Recently, several scientists from the Andrews (including two who contributed to the 1981 report) produced a book “Old Growth in a New World: A Pacific Northwest Icon Reexamined” (Thomas A. Spies and Sally L. Duncan eds., Island Press 2009).  The book considers how our understanding of old growth has changed over the last 30 years and the implications for future forest conservation policies in the Pacific Northwest. 

One of the findings of the book is that the power of the old-growth icon to instigate change in forest management across millions of acres of land resulted from a convergence of the science of ecological complexity with society’s needs for mystery and meaning in a post-modern world.  The book describes how forest values, including old growth, can be maintained in the future.  For example, active management will be needed to maintain or restore some older forests, especially those that have been altered by past logging and fire suppression.  It is also clear from the historical perspective of the book that our future ecological and social views of old growth will continue to change. 

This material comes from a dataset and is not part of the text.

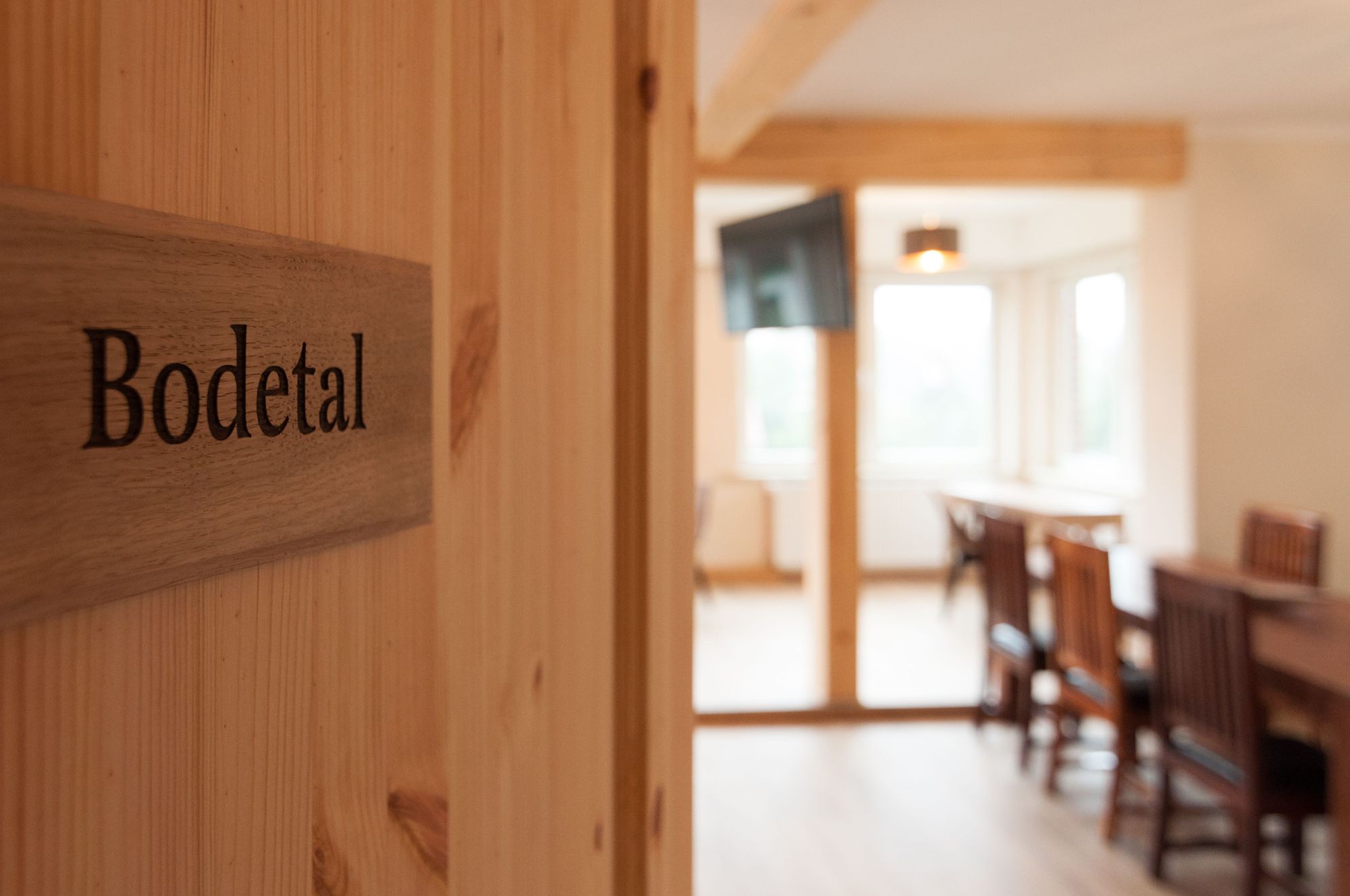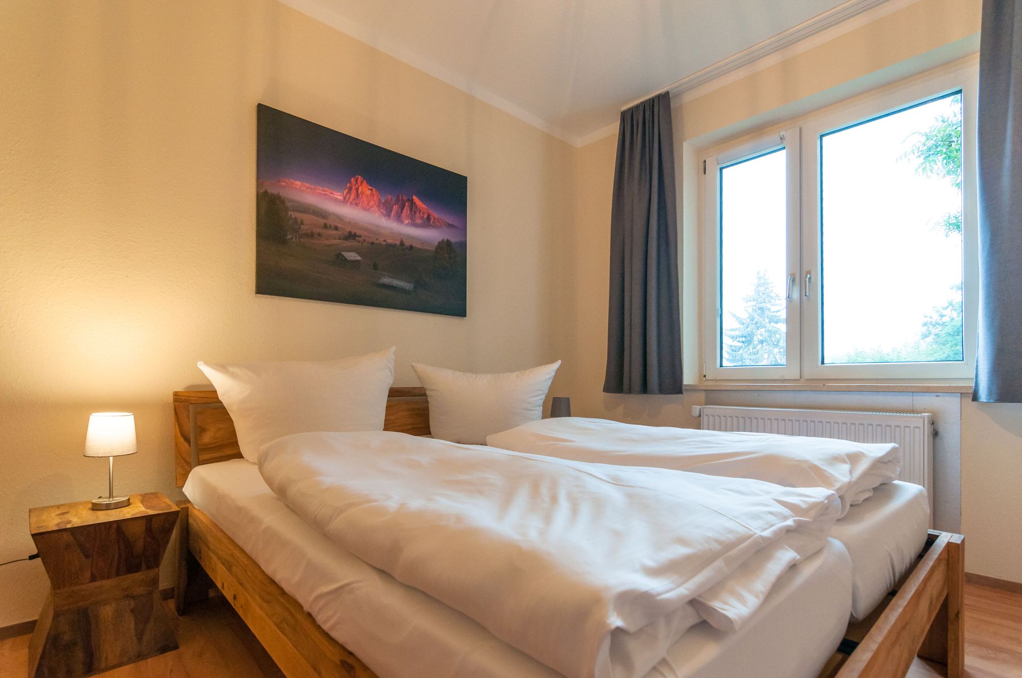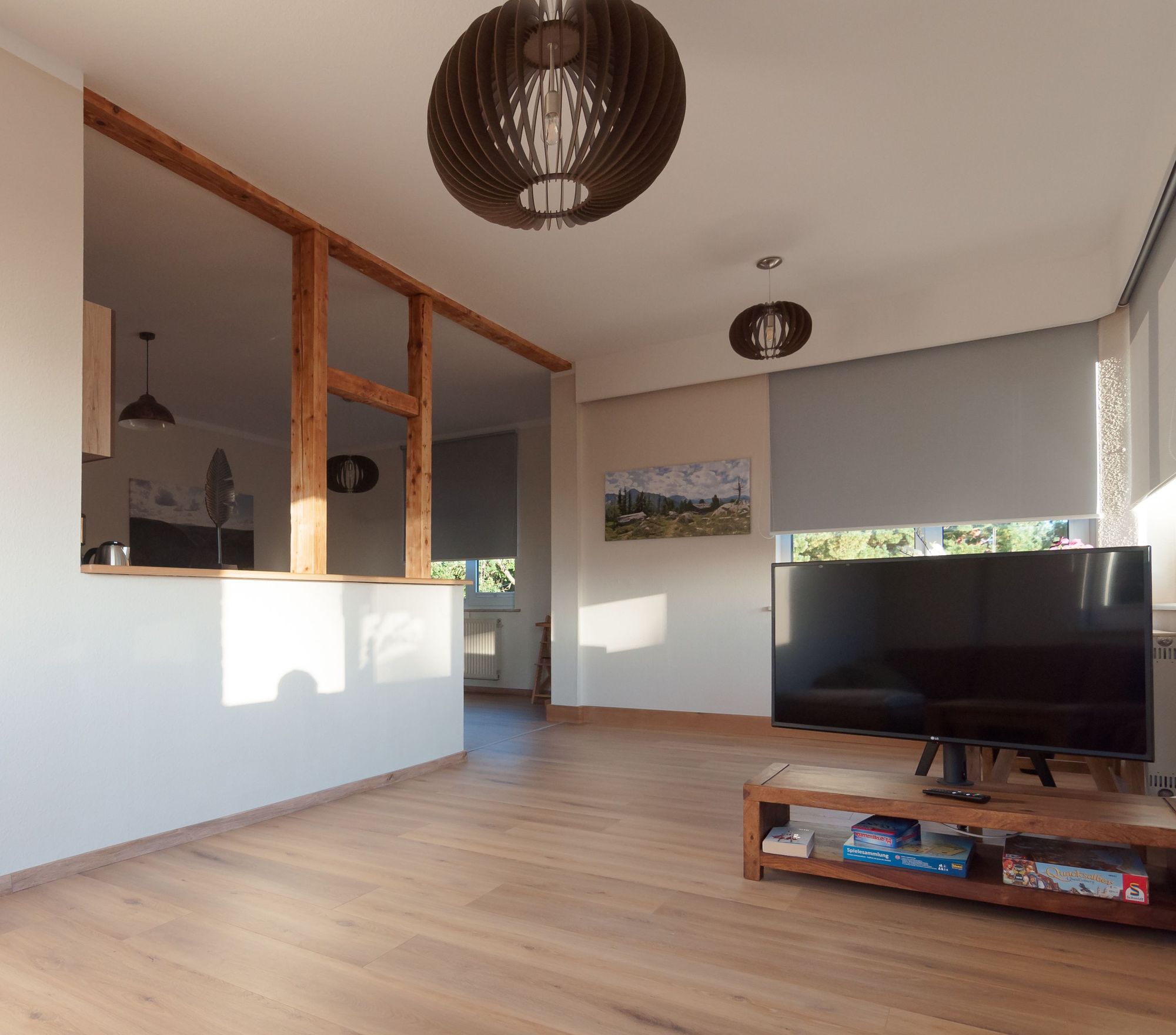 Die darunter liegende Ferienwohnung Bodetal im Hochparterre bietet zwei Schlafzimmer und ist für 4 Personen ideal. Auch hier wirken die Räume vom Wohnzimmer über die beiden Schlafzimmer bis hin zur Küche weitläufig und durch die großen Fensterfronten wunderbar hell.
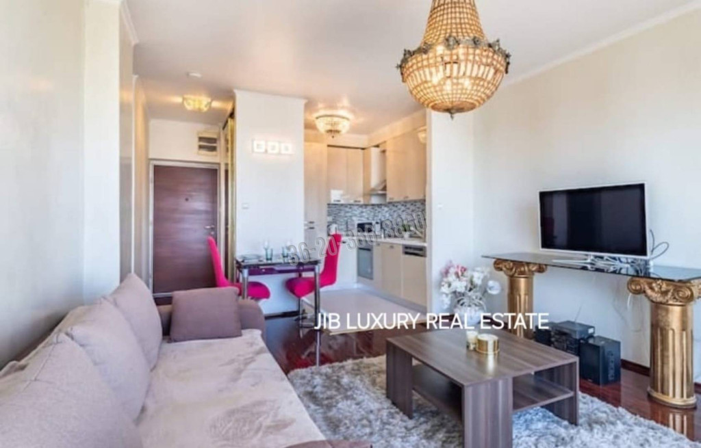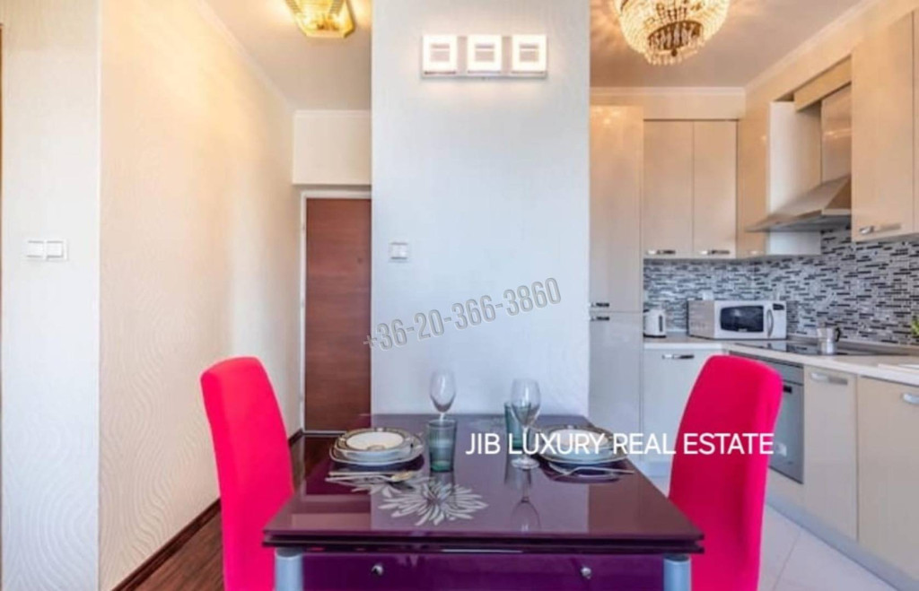 Kivitelezés: A lakás belső terei exkluzív bútorzattal, prémium anyaghasználattal és teljes körű gépesítéssel lettek kialakítva, kielégítve a legigényesebb bérlői elvárásokat is.

Old growth is not a static ecosystem or a fixed idea and never has been.  Ecologists and social scientists will continue to explore these magnificent forests scientifically and examine our perceptions of them.  For example, it is becoming clear that forest values, including biological diversity, cannot be maintained by only focusing on the old-growth stages of forest development. 

Old growth is part of a complex web of structural stages that include early seral forests, all of which contribute to maintaining ecosystem structure and function and landscape diversity, and providing ecosystem services.  Perspectives from social sciences and humanities are critical if we are to better understand and conserve these forests in a changing social and biophysical environment.